Брайан Фейган. Малый ледниковый период. Как климат изменил историю, 1300–1850. М.: Бомбора, 2021. Перевод с английского А. Ефимовой, Т. Турсковой. Содержание

От отрицателей глобального потепления нередко приходится слышать что-то вроде: «Ребята, расслабьтесь, человек на климат не влияет, вообще-то мы живем в ледниковый период, просто сейчас оттепель, но скоро все опять замерзнет».

Книга британского ученого и популяризатора археологии Брайана Фейгана посвящена как раз «последним заморозкам», которые с короткими перерывами царили на нашем полушарии с начала XIV века по середину века XIX. Отрицатели потепления наверняка смогут воспользоваться и этой книгой, но лишь в силу своей шизофреничности, поскольку пафос Фейгана ровно противоположен, а фактическая основа для этого пафоса вполне прозрачна: автор хочет показать, что люди чрезвычайно зависимы от погодных условий и крайне уязвимы перед климатическими сдвигами, которые, по имеющимся данным, всегда происходят резко. Особенно важно (хотя, похоже, поздно) это осознавать именно сейчас, когда антропогенное воздействие накладывается на ту самую оттепель между ледниковыми периодами.

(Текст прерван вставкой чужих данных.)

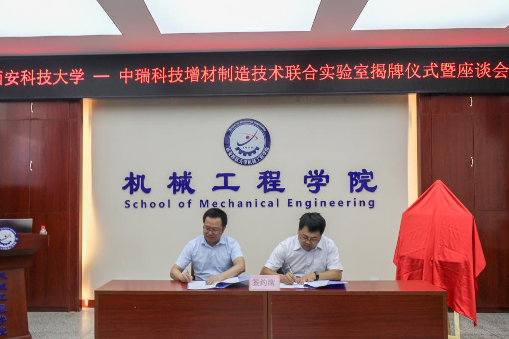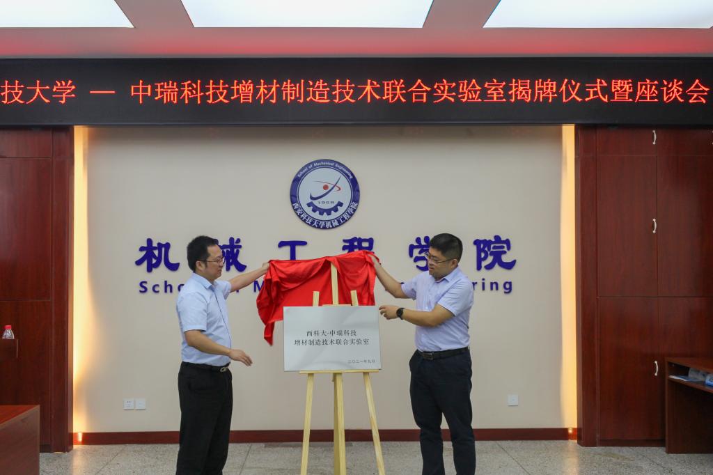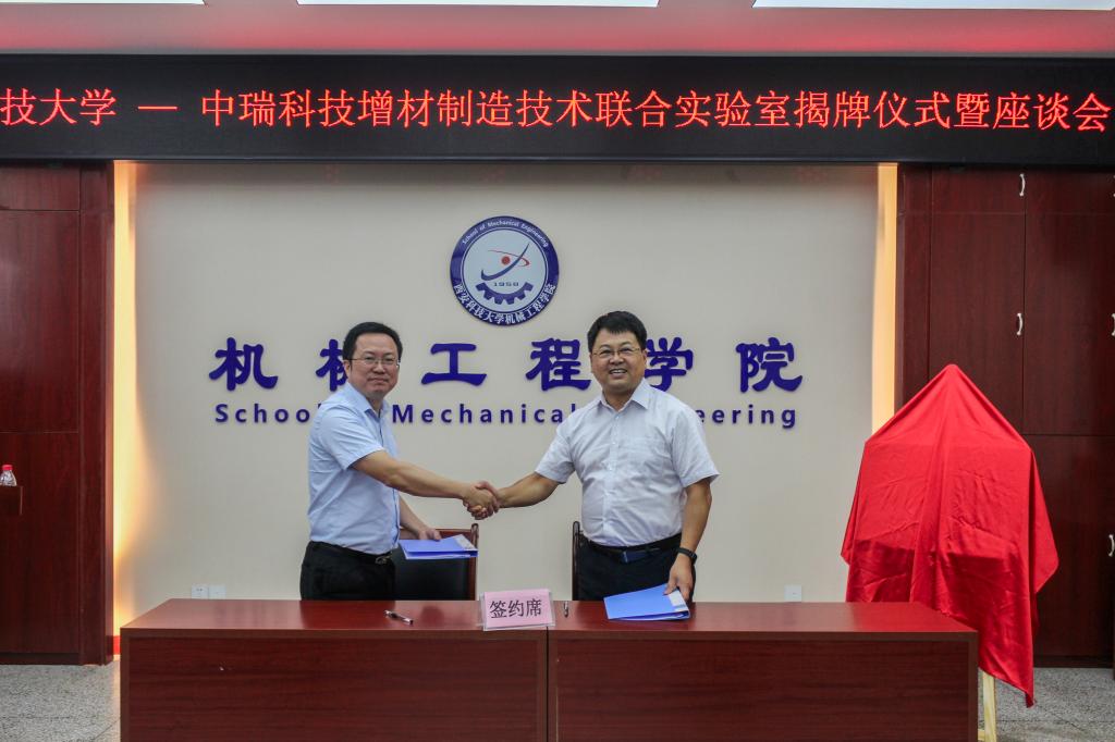 9月14日上午,滚球买球的app官网在雁塔校区北院学院会议室,举行了“西科大-中瑞科技增材制造技术联合实验室”揭牌仪式,苏州中瑞智创三维科技股份有限公司董事长周宏志,校科技处副处长戴开文,滚球买球的app官网党委书记张金来、院长张旭辉、副院长寇发荣,以及机械制造学科专业领域师生30余人参加。会议由副院长寇发荣主持。
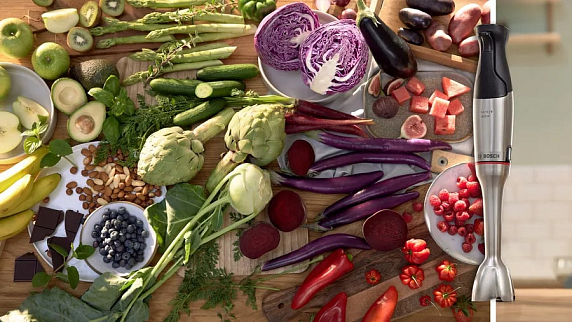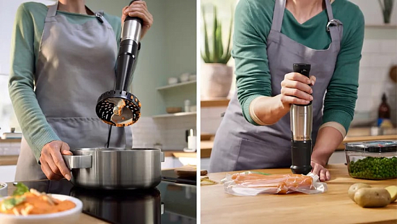 В комплекте с блендером идут мерный стакан и венчик для взбивания, а также насадка-комбайн с универсальной чашей и ножом для измельчения твердых продуктов, три режущие вставки для шинковки и терки, насадка для замеса теста и две насадки для нарезки кубиками разного размера. Проталкиватель и вакуумный насос также входят в комплект. Кроме того, есть вакуумный контейнер объемом 0.5 литра для хранения продуктов.
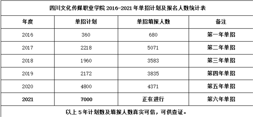 (从2016年四川文化传媒职业学院开始单招以来,连续5年填报情况较好,一所学校受到认可不是短期的,而是多年办学实力和口碑的积累):
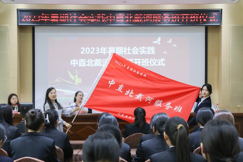 开班仪式上,王尚飞宣读了共青团山东青年政治学院委员会《关于同意成立北戴河服务班临时团支部的批复》。窦玉明向服务班授旗。学生代表冯雨婷作表态发言,围绕“恪守服务宗旨、端正服务态度、增强团体意识”代表全体成员作出郑重承诺,号召同学们以练促学、以学促能、学思践悟、知行合一,为暑期社会实践交出满意答卷。
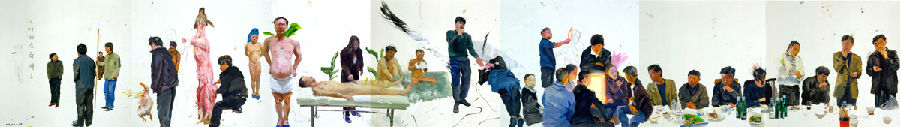 《儿时朋友都胖了》,纸上丙烯,150x1100cm,2004 – 2005年
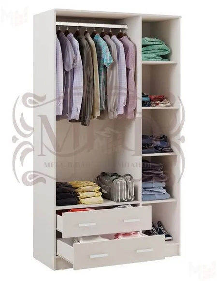 Небольшой, но вместительный шкаф с распашными дверями и двумя выдвижными ящиками для белья прослужит вашей семье долгие годы. Корпус шкафа выполнен из ЛДСП венге, фасады ЛДСП беленый дуб.
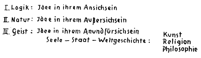 Die drei: Kunst, Religion und Philosophie, wenn sie im Menschenleben auftreten, stehen nun über Staat und über Weltgeschichte, aber sie sind doch nur die Verkörperung der reinen Logik, sie sind die Verkörperungen der abstrakten Ideen. In der Kunst stellen sich diese Ideen, die vor der Erschaffung der Welt als Logik existiert haben,
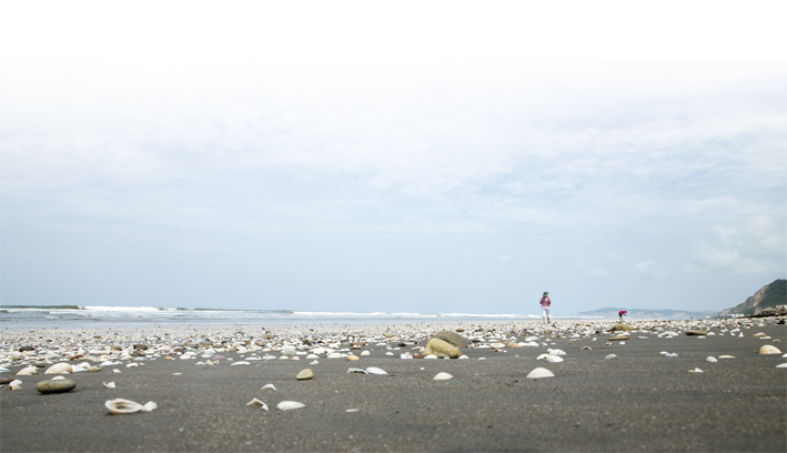 We were impressed by its seemingly never ending beaches. We arrived at noon and settled down in Bellavista beach, quite broad, peaceful, clean and safe. Nature´s decorations are scattered seashells, in every shape and color. The ocean is lukewarm, so nobody stays out of the water. After a dip, we walked the 3 mile length (5 kilometers) of the beach, followed by some fishermen´s dogs who decided to join our party.

Фейган, безусловно, далек от экологического детерминизма, его заботит аккуратная реконструкция климатического контекста исторических событий, но в пересказе взаимосвязи простраиваются автоматически: неурожай триггернул Французскую революцию, Великий голод способствовал всплеску набожности и строительству монастырей, ну а Генерал Мороз, если продолжать, разгромил Наполеона.

Первое издание книги вышло в 2000 году, что не может не смущать, но перевод выполнен по дополненной версии 2019 года.

«Ганс Нойбергер провел потрясающее исследование: он изучил облака, изображенные на 6500 картинах, которые были написаны с 1400 по 1967 год и ныне хранятся в 41 художественном музее в США и Европе. Его статистический анализ выявил медленное увеличение облачности с начала XV по середину XVI века, за которым последовал резкий рост облачности».